Tel. 06-27462012
info@bichonfrise.nl

Bichon Frise.

bichon-frise     Unknown

Rasgroep van de Bichon Frise.

De Bichon Frise behoort tot de Rasgroep 9 “Gezelschapshonden”. Zonder werkpoef.

STANDAARD

FCI-Standard N ° 215 / 11. 05. 1998 / GB
Bichon Frise (Bichon à poil frisé)

Herkomst, Frankrijk / België.

DATUM VAN PUBLICATIE VAN DE originele standaard, 1972/10/01.

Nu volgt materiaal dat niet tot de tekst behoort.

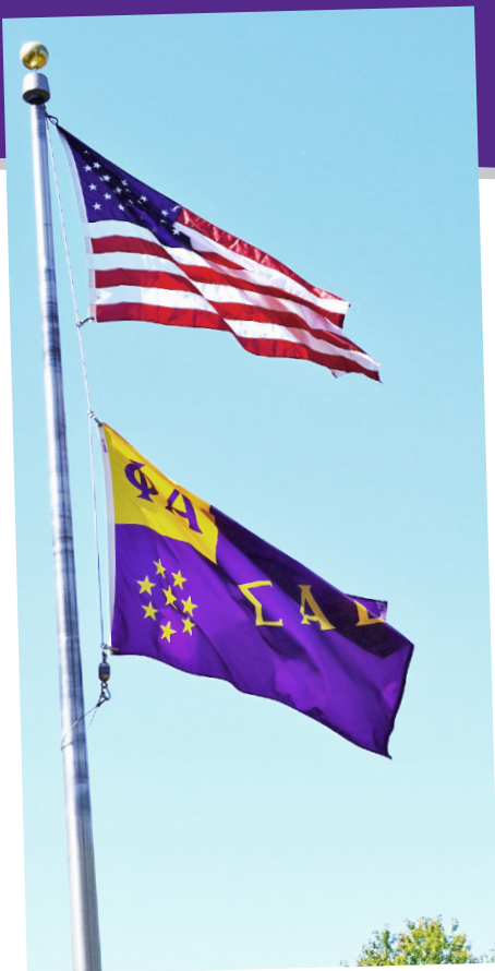
The flagpole outside of the Sigma Alpha Epsilon Fraternity house has regained the flags of our fraternity, symbolizing our return to 140 Lynn Avenue

GEBRUIK, als gezelschapshond.

ALGEMEEN VOORKOMEN: Vrolijk en speels hondje, met een levendige manier van lopen, halflang snuit, lange zeer losse-corkskrew gekruld haar, zeer net als de vacht van de Mongoolse geit. Houding van het hoofd is trots en hoog, de ogen donker, levendig en expressief.

HOOFD, in harmonie met het lichaam.

De schedel, liever plat om aan te raken, hoewel de inrichting maakt het verschijnen ronde. De schedel langer dan de snuit.

Stop, niet veel gemerkt.

Aangezicht- Neus, de neus is afgerond, zwart, fijnkorrelig en glanzend.

Snuit, de snuit mag niet dik of zwaar zijn, zonder evenwel zijn spits. De groef tussen de wenkbrauwbogen licht zichtbaar.

Lippen, de lippen zijn fijn, vrij mager, maar minder dan in het Schipperke, vallen slechts genoeg om de onderlip bedekken, maar nooit zwaar of hangend; ze zijn normaal zwart tot aan de hoek van de lippen; de onderlip mag niet zwaar en geen zichtbaar, noch slap en staat niet toe dat de slijmvliezen worden gezien als de mond gesloten is.

Kaken / gebit, de beet is normaal, dat wil zeggen de snijtanden van de onderkaak direct tegen en achter de punt van de tanden in de bovenkaak worden geplaatst.

Wangen, vlakke en niet erg gespierd.

Ogen, donker ogen, zo veel mogelijk met donkere oogleden, van een vrij ronde vorm en niet amandelvormige; niet schuin geplaatst; levendig, niet te groot, toont geen wit. Niet groot en niet prominent aanwezig als in de Griffon Bruxellois en de Pekingees; het stopcontact moet niet uitpuilen. De oogbol mag niet opvallen te veel.

Oren, hangend, goed ingericht met fijn gekrulde lange haren, in plaats van naar voren wanneer de hond is attent uitgevoerd, maar op zo’n manier dat de voorste rand raakt de schedel en doet afstand niet schuin staan; de lengte van het kraakbeen niet, zoals in de Poedel, breiden de neus, maar stopt halverwege de lengte van de snuit. De oren zijn toch niet zo breed en fijner dan de Poedel’s.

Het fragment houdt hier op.